The parameters for the SWEEPS and PIPS modes are presented in Table 1. In the SWEEPS group, the canals were first subjected to 3% NaOCl (2 mL each) activation using the SWEEPS mode for 20 seconds, followed by a rest interval of 20 seconds, 0.9% saline (2 ml each) activation using the SWEEPS mode for 20 seconds, and then another rest interval of 20 seconds. This procedure was repeated three times. The same regimen was followed in the PIPS group, where NaOCl was activated using the PIPS mode. In the control group, the canals were subjected to three 20-second cycles of 3% NaOCl (2 mL each) irrigation via a syringe with a 27-G side-vented needle without any activation, 0.9% sterile physiological saline irrigation (2 mL each) for 20 seconds, and a rest period of 20 seconds.
The No. 99128 fiber tip was used in the SWEEPS mode. This fiber tip has a diameter of 0.60 mm, a length of 12 mm, and a flat end. The No. 89036 fiber tip was used in the PIPS mode. This fiber tip has a diameter of 0.60 mm and a length of 9 mm. Unlike that of the fiber tip used in SWEEPS mode, the end of the fiber tip in PIPS mode is tapered. During activation, the fiber tip was placed into the coronal reservoir which was 10 mm from the WL. The SWEEPS and PIPS fiber tips are shown in Figure 1a and b.
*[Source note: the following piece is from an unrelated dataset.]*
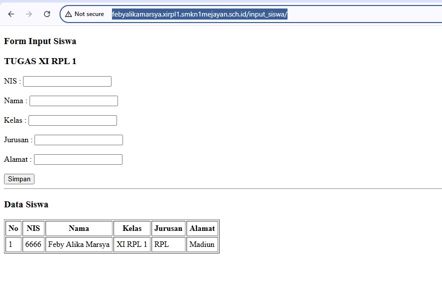 | 1 | 14 | Feby Alika Marsya | http://febyalikamarsya.xirpl1.smkn1mejayan.sch.id/input_siswa/ | ![]() |
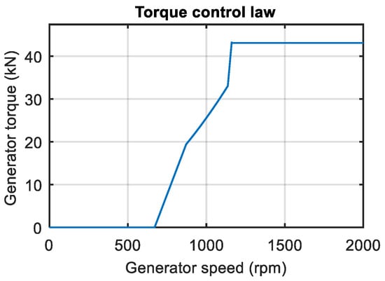 Usually, the control system of wind turbines, as indicated in [], consists of two sub-controllers: a generator torque controller and a controller for the pitch of all the blades based on traditional control techniques. The simulation model also has a control system based on those two subsystems. Since the first one acts when the generator speed is below the nominal value and the second one acts when it is above, those two controllers are designed to work practically in an independent yet complementary manner. Thus, the objective of the first one is to capture as much wind power as possible using an MPPT algorithm, implemented by a torque control law (Figure 1), while the second one regulates the generator speed when the operation is above the nominal generator speed with changes in the collective pitch angles, which often happens when the wind speed is higher than its nominal value.

Bacterial sampling and counting after irrigation
The method used for bacterial sampling and counting after irrigation was the same as that used before irrigation. On the basis of the obtained values, we calculated the bacterial reduction rate by using the following formula: bacterial reduction rate (%) = (E − F)/E × 100. In this paper, E and F represent the number of bacterial colonies before and after irrigation, respectively. Based on the bacterial reduction rate, the bacterial clearance efficacy of each method was evaluated. For more intuitive demonstration of the bacterial clearance efficacy, the number of remaining bacteria in the irrigated samples from the three groups was observed by SEM.
Statistical analysis
All data were statistically analyzed using SPSS, version 22.0 (IBM, Chicago, IL, USA). We used the Kruskal–Wallis test to detect statistically significant differences between groups. Intergroup comparisons were conducted using nonparametric one-way analysis of variance. The bacterial reduction rate are presented as medians and interquartile ranges. A p-value of ≤0.05 was considered statistically significant.